Containerized orchestration is no longer the “alternative” software infrastructure. In what may have been an accelerated product deployment, VMware today announced vSphere 7, its first virtualized applications and services platform to instill Kubernetes in two separate, critical layers of its architecture: workload staging and execution. Kubernetes is the open source workload orchestrator born from the Docker movement of 2015.
“With vSphere 7, what we’re doing is fundamentally modernizing vSphere itself,” Kit Colbert, VMware’s VP and CTO for cloud platforms, said during a recent press conference. “We’ve re-architected it to integrate with Kubernetes, so this is a pretty foundational change.”
The company expects to make vSphere 7 available starting in May.
Quest for Seamlessness
It was just last August when VMware announced at its company conference Project Pacific, an effort to build a platform that would succeed vSphere’s present architecture.

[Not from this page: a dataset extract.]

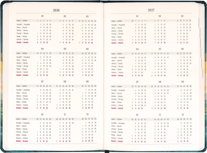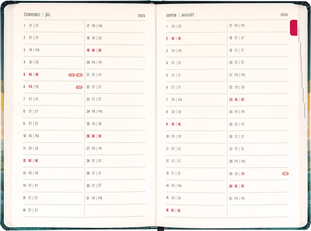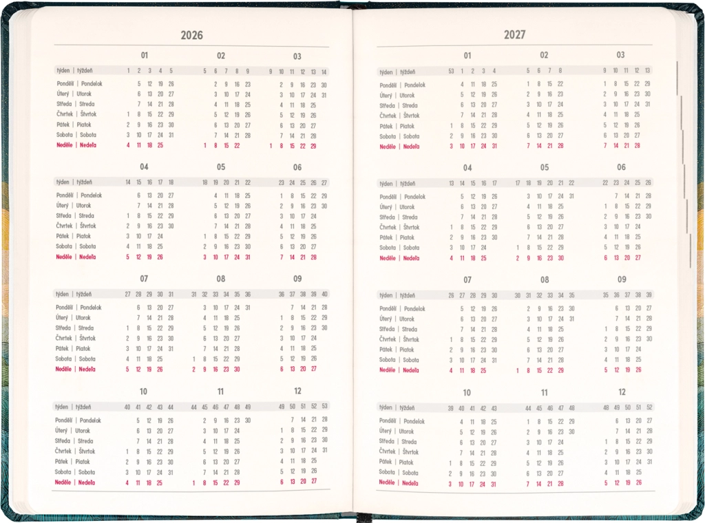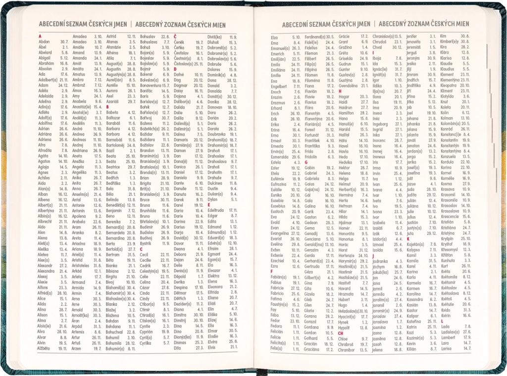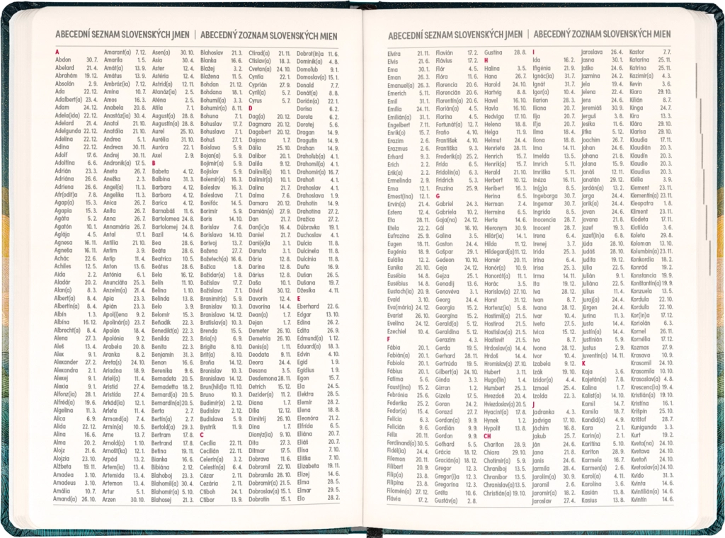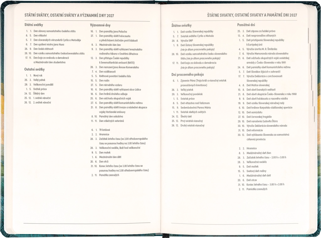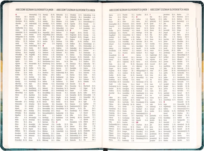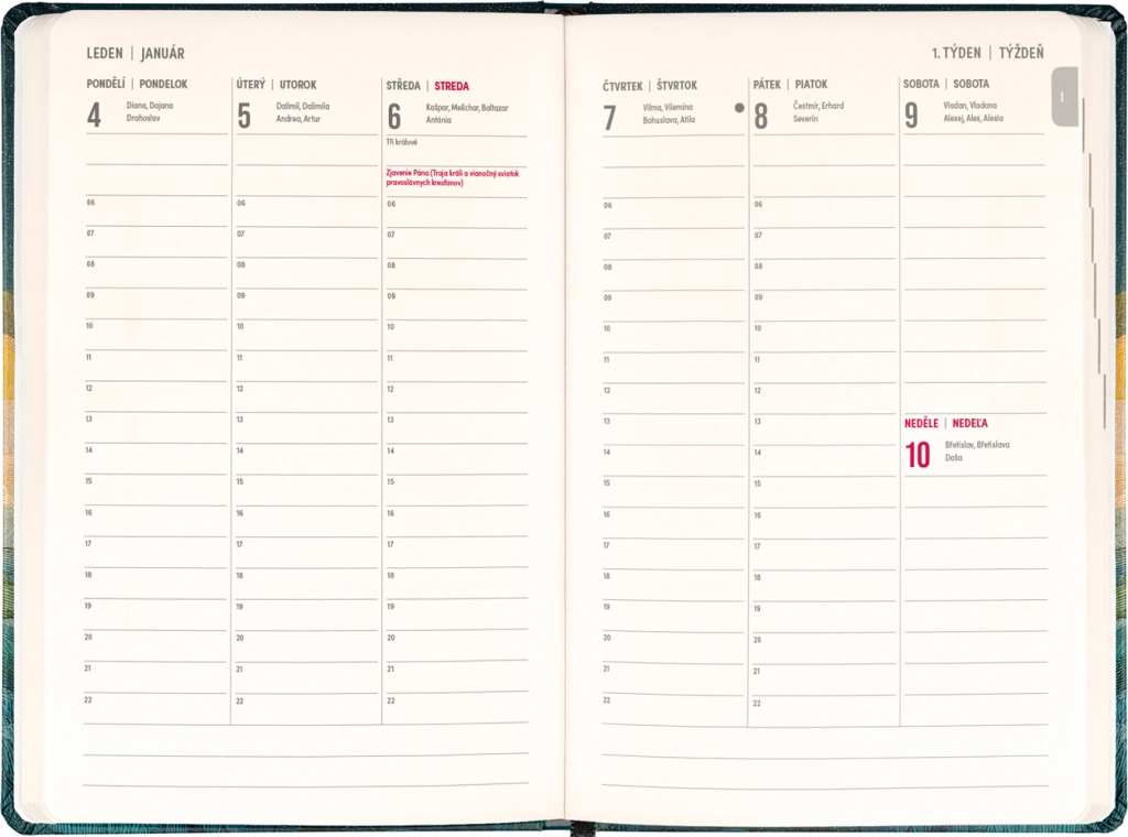 Tygodniowy układ kolumnowy w czesko‑słowackim kalendarium umożliwia szybkie zapisywanie zadań, spotkań i terminów. W zestawie znajduje się także lista czeskich i słowackich imion oraz zaznaczone święta, abyś zawsze miał(a) wszystko pod kontrolą.

Its purpose would be to enable classic hypervisor-driven virtual machines and modern Docker-style containers to co-exist on the same infrastructure platform. No changes or adaptations would have to be made to containers this time — unlike the former vSphere Integrated Containers, which were “protective-coated” in a shell to enable vSphere to treat them as VMs. Kubernetes also served as the container orchestrator in another previous VMware project, Photon, but in an environment that would run alongside vSphere rather than be merged with it.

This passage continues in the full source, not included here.